Following up her trippy, hypnotic debut Goddess, alternative R&B star Banks has prepared the bewitching, intoxicating new album The Altar. Led by singles "Fuck With Myself" and "Gemini Feed," the album documents themes in her own life ranging from self-empowerment to sisterhood. "The Altar is full of my heart," she reveals.
Eighteen-year-old Mendes became a teen idol by posting covers of Taylor Swift and One Direction on Vine. Now, after scoring a hit with 2015's strummy "Stitches," he's aiming to become a pop star as big as the acts he used to cover.
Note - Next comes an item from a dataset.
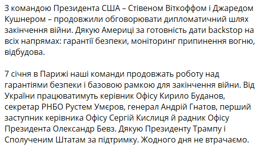 После встречи с Уиткоффом Зеленский сообщил, что Украина и США продолжат переговоры в Париже

Throughout recording his second album, Mendes bounced ideas off his hero John Mayer, who influenced the breakup ballad "Three Empty Words" and even gave Mendes the guitar he plays on the bluesy crooner "Ruin." "John inspired the album more than anybody," Mendes said.
While 2015's Grammy-winning Dale was Pitbull's Spanish-language salute to the Caribbean, Climate Change is a rollicking thesis on anglophone pop, bolstered by a multi-generational cast of all-stars, from Joe Perry to J. Lo. Recorded "on the run, around the world, in hotels, boats, et cetera," Mr. Worldwide's latest samples the hottest sounds in contemporary radio with ample nods to the Eighties: Kiesza rocks her best Pat Benetar impression on the title track, while Enrique Iglesias coyly pays respects to REO Speedwagon in "Messin' Around."
Weir hasn't released a true solo album since 1978, but jamming with the National (who recently released an extensive Grateful Dead tribute album) at Weir's TRI Studios made him want to give his solo career another shot. Members of the National back him on Blue Mountain, which revisits his obsession with cowboys (evident in classics like "Mexicali Blues"). Highlights on the album, co-written with Josh Ritter, include "Ki-Yi Bossie," a campfire singalong with Ramblin' Jack Elliott. Weir, 68, impressed the younger musicians with his energy, especially when he brought a sledgehammer to the studio to lift between takes. Says the National's Scott Devendorf, "He was showing us how to work out!"
Before forming the E Street Band, Springsteen ruled Jersey bars with the Castiles, Steel Mill and the Bruce Springsteen Band. Five never-released songs by those bands will appear on the "audio companion" to Springsteen's upcoming memoir, Born to Run. The highlight: the Castiles' "Baby I," a jangly garage-rock kiss-off howled by a 16-year-old Springsteen, who was already showing he had wit to spare ("I got someone new/Someone better than you," he shouts). The set also includes 13 other songs, from a 1972 demo of "Growin' Up" to 2012's "Wrecking Ball."
Four years after Green Day's wildly ambitious ¡Uno!, ¡Dos! and ¡Tré! album trilogy, the pop-punk superstars have scaled things back with a 12-song collection that spotlights a nation in turmoil. Lead single "Bang Bang" is written from the perspective of a mass shooter, while the title track was inspired by Black Lives Matters protest marches. The album wraps up with the gentle "Ordinary World." "After all of the chaos that's on the album, whether it's pop culture or whatever new apps we're using, everything gets so complicated and at some point you want something simple," says Armstrong. "That's sort of what 'Ordinary World' is about."